Stored records
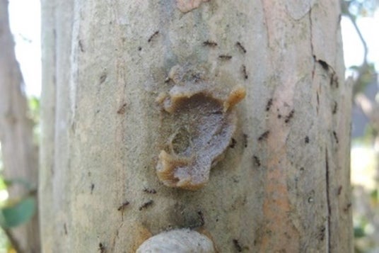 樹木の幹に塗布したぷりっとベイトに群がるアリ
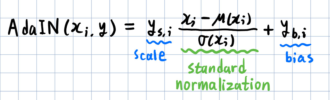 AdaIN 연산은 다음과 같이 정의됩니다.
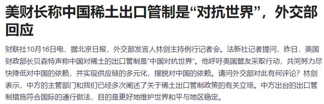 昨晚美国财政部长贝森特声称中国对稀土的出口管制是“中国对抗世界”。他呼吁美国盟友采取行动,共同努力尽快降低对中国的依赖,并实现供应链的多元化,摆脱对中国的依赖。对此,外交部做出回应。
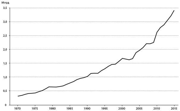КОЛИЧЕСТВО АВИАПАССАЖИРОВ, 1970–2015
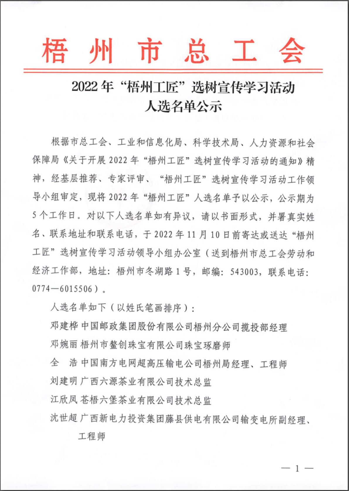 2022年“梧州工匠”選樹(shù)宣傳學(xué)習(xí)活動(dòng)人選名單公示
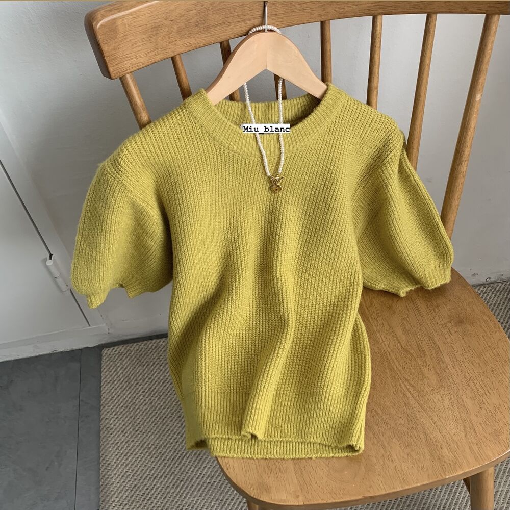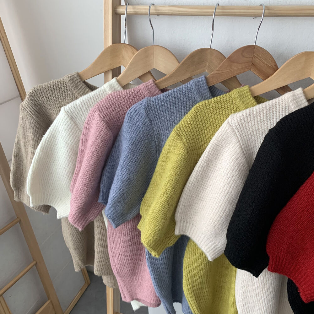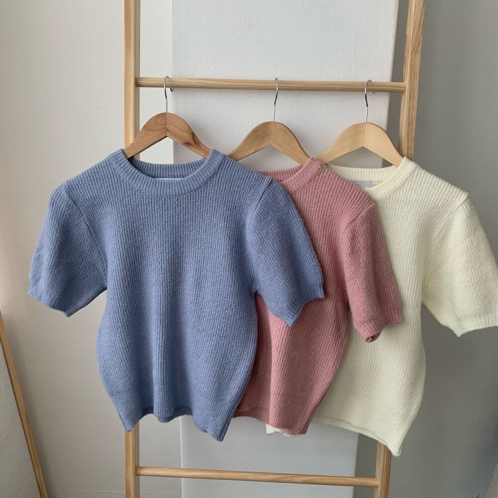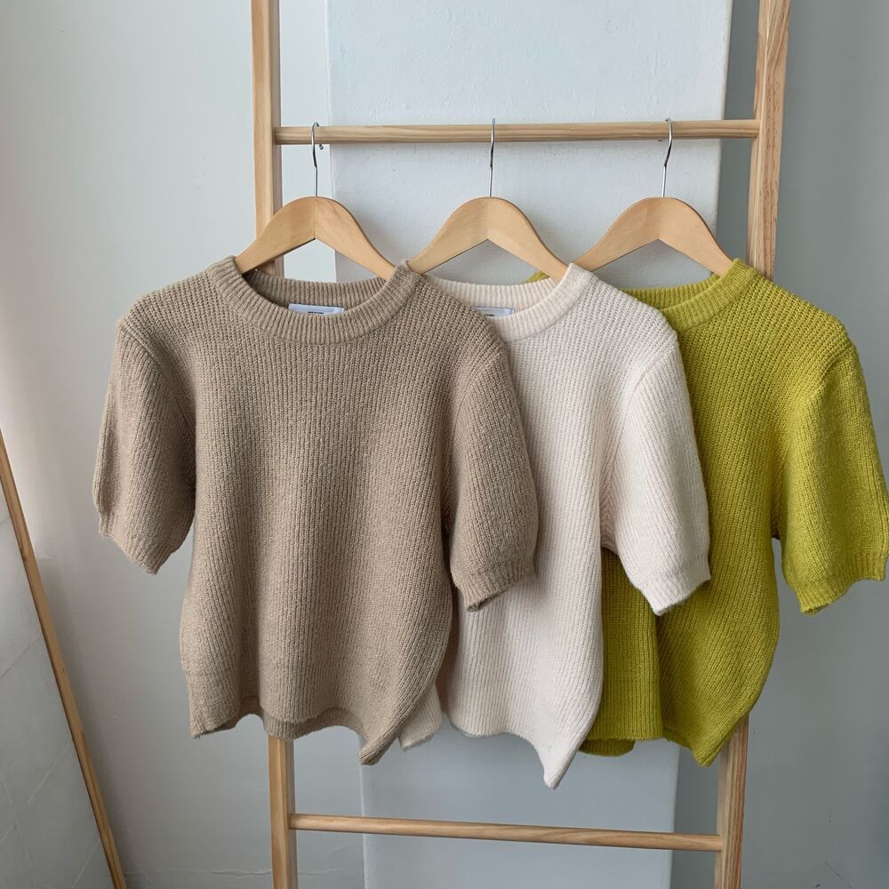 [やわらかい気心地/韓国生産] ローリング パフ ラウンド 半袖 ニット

→ **TASK PROMPT**: In the copy, leave out the pictures and restate the records exactly.

→ **SOLUTION TO THIS EXERCISE**:
 樹木の幹に塗布したぷりっとベイトに群がるアリ
 AdaIN 연산은 다음과 같이 정의됩니다.
 昨晚美国财政部长贝森特声称中国对稀土的出口管制是“中国对抗世界”。他呼吁美国盟友采取行动,共同努力尽快降低对中国的依赖,并实现供应链的多元化,摆脱对中国的依赖。对此,外交部做出回应。
КОЛИЧЕСТВО АВИАПАССАЖИРОВ, 1970–2015
 2022年“梧州工匠”選樹(shù)宣傳學(xué)習(xí)活動(dòng)人選名單公示
 [やわらかい気心地/韓国生産] ローリング パフ ラウンド 半袖 ニット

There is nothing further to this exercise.